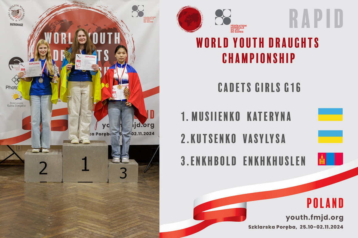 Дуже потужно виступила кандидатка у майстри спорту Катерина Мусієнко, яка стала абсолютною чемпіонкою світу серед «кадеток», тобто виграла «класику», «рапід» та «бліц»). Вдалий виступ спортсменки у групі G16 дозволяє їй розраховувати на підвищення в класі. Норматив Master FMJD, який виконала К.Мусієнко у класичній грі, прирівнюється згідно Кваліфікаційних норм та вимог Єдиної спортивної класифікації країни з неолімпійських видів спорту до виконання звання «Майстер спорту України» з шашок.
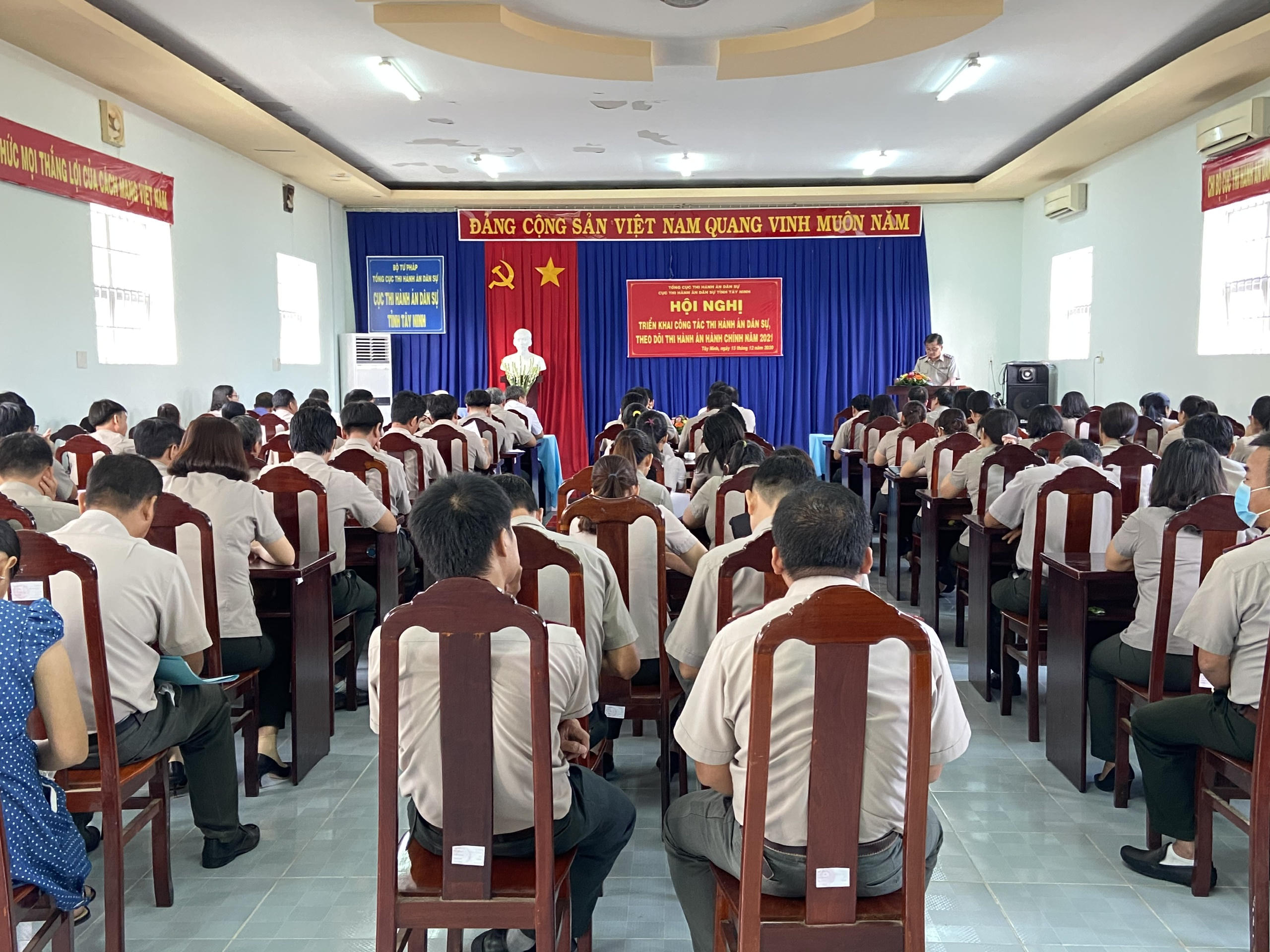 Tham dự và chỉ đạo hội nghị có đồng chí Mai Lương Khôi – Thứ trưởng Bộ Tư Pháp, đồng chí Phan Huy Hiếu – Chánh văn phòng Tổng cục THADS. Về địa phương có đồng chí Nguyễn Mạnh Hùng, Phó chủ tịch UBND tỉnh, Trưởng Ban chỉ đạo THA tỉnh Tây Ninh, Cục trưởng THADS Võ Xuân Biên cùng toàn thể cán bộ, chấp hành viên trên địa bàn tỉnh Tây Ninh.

########

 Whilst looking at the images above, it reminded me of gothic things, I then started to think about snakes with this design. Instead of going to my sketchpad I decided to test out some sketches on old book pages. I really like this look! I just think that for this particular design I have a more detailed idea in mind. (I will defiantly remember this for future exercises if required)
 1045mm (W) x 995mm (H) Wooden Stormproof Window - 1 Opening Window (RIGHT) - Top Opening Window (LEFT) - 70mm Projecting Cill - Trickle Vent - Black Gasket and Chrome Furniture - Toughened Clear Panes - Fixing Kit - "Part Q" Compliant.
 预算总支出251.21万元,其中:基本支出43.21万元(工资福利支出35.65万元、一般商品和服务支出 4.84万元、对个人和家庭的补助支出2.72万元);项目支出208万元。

########

- What to work on:
Repeat the entries above verbatim, but only from the line that has "1045mm (W) x" down to the line that has "预算总支出251.21万元,其中:基本支", inclusive.

- Output for this exercise:
 1045mm (W) x 995mm (H) Wooden Stormproof Window - 1 Opening Window (RIGHT) - Top Opening Window (LEFT) - 70mm Projecting Cill - Trickle Vent - Black Gasket and Chrome Furniture - Toughened Clear Panes - Fixing Kit - "Part Q" Compliant.
 预算总支出251.21万元,其中:基本支出43.21万元(工资福利支出35.65万元、一般商品和服务支出 4.84万元、对个人和家庭的补助支出2.72万元);项目支出208万元。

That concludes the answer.